Let's assume one converts a TorchScript to a Torch-TensorRT TorchScript requesting inference type to be FP16. At conversion time, if the GPU doesn't support FP16 (GTX1060 typically), a nice ::torch_tensorrt::Error is thrown saying

Requested inference in FP16 but platform does not support FP16

That's all good.

Now, it seems that if one tries to run an already converted Torch-TensorRT TorchScript with an inference type FP16 on a GPU that doesn't support FP16, there is no check and the program crashes with:

warning: Critical error detected c0000374

Thread 1 received signal SIGTRAP, Trace/breakpoint trap.
0x00007ffac1baf1d3 in ntdll!RtlIsZeroMemory () from C:\WINDOWS\SYSTEM32\ntdll.dll

My questions are:

Are these observations (still) correct? I am using torch-tensorRT 1.0, so it might have changed.
Is there any plan to check for the device capability at runtime as well, given that it is possible to figure out what the inference type is (don't know if that's possible / easy to do)?

Jun 22 '22 07:06 gcuendet

Torch-TensorRT programs should be built for the specific GPU they will be deployed on. So the

already converted Torch-TensorRT TorchScript with an inference type FP16 on a GPU that doesn't support FP16

case is technically an unsupported usecase due to TensorRT limitations. In most cases programs built on a GPU of a particular compute capability can be run on others of the same compute capability. So in the Torch-TensorRT runtime we check for these, both specific model of GPU and the compute capability when we go to deserialize. IIRC FP16 on pascal is somewhat of a special case which might be why we see this issue

Jun 22 '22 17:06 narendasan

Thanks. That makes perfect sense and I understand that this is not a supported use-case. I am just wondering if there might be a more elegant way to handle that unsupported use-case than crashing.

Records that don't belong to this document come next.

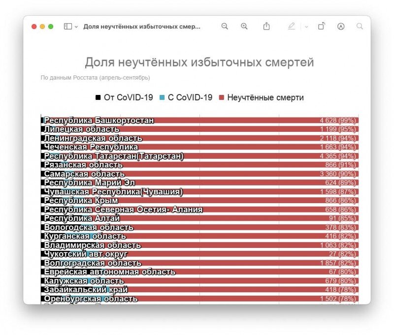 Есть прилежные регионы типа Москвы, Петербурга или Алтайского края, где доля неучтённых избыточных смертей не превышает 25%. Ну то есть основная часть так или иначе учтена как ковидная, а кто-то ещё умер от последствий эпидемии в целом. Таких регионов по состоянию на сентябрь было... СЕМЬ. Ещё десять регионов записывают в ковидных более половины избыточных смертей.
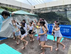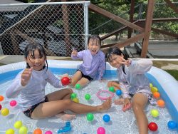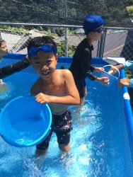 お友達と水をかけ合いッコしたり、水鉄砲で楽しみました。
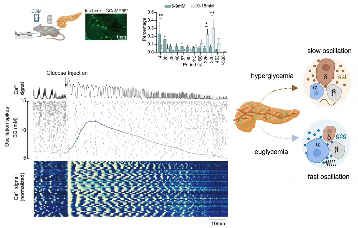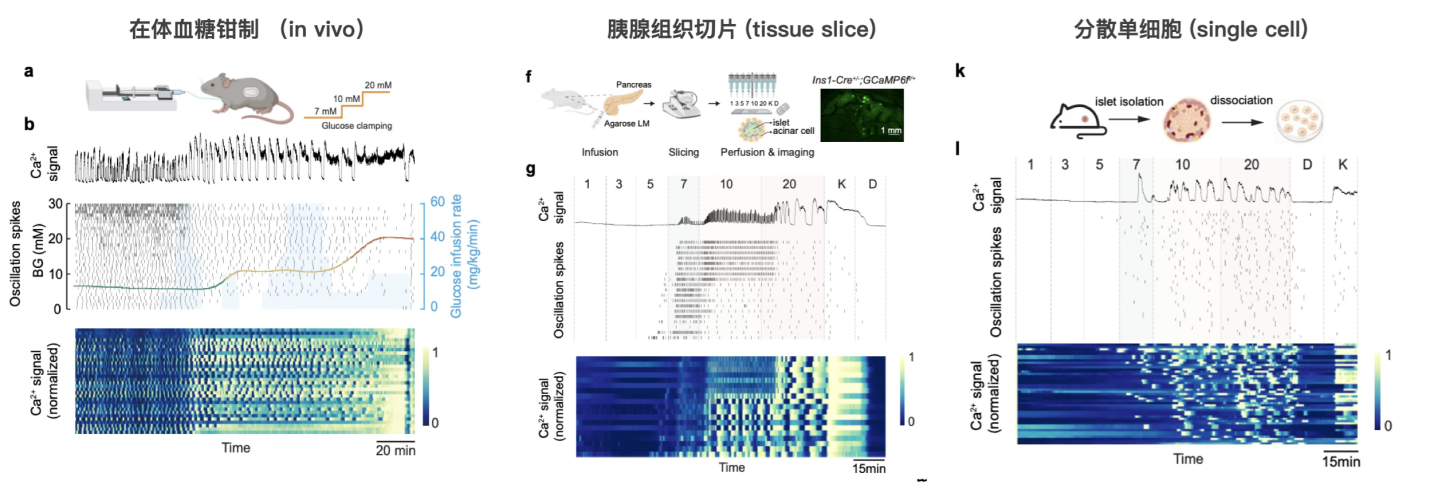 图1. 为探索血糖如何调节胰岛群体活动,研究团队在活体小鼠中实现了20–100个胰岛的同步钙成像观测,发现胰岛钙振荡节律会随血糖水平发生精准的协同性慢-快转变:当血糖从高血糖状态回落至正常血糖水平时,胰岛钙振荡周期会从226–320秒的慢周期,同步切换为14–20秒的快周期,这一转变是健康胰岛适应血糖变化、维持血糖稳态的重要特征。

It would be very nice for example if trying to run such a converted torchscript (with half float enabled precision) on a GPU that doesn't support half float would just throw. But again, I don't know whether that's easily feasible.

Jun 23 '22 07:06 gcuendet

@peri044 Thoughts on expanding the metadata to include information like this? I think we were talking about this a bit earlier. I could see adding platform capability flags to the metadata but not sure if it adds much past addressing this special case since in theory compute capability should do the same thing.

Jun 23 '22 17:06 narendasan

@andi4191 now that you are back, thoughts on this feature?

Aug 12 '22 01:08 narendasan

@narendasan: We can make a check for precision request against the SM compute capability as per support matrix. Something like https://docs.nvidia.com/deeplearning/tensorrt/support-matrix/index.html#hardware-precision-matrix

This check will be done at runtime though.

Aug 17 '22 02:08 andi4191

Well the question is will it do anything if engines are not portable across compute capability?

Aug 17 '22 02:08 narendasan

I don't think we can do anything other than throwing an error instead of letting it crash. IIRC If the engines are not portable across computing capability, TensorRT fails at deserialization.

Aug 17 '22 03:08 andi4191

This issue has not seen activity for 90 days, Remove stale label or comment or this will be closed in 10 days

Nov 16 '22 00:11 github-actions[bot]

This issue has not seen activity for 90 days, Remove stale label or comment or this will be closed in 10 days

Mar 16 '23 00:03 github-actions[bot]

We arent going to implement this as Pascal is about to be deprecated in TensorRT.

Mar 21 '23 23:03 narendasan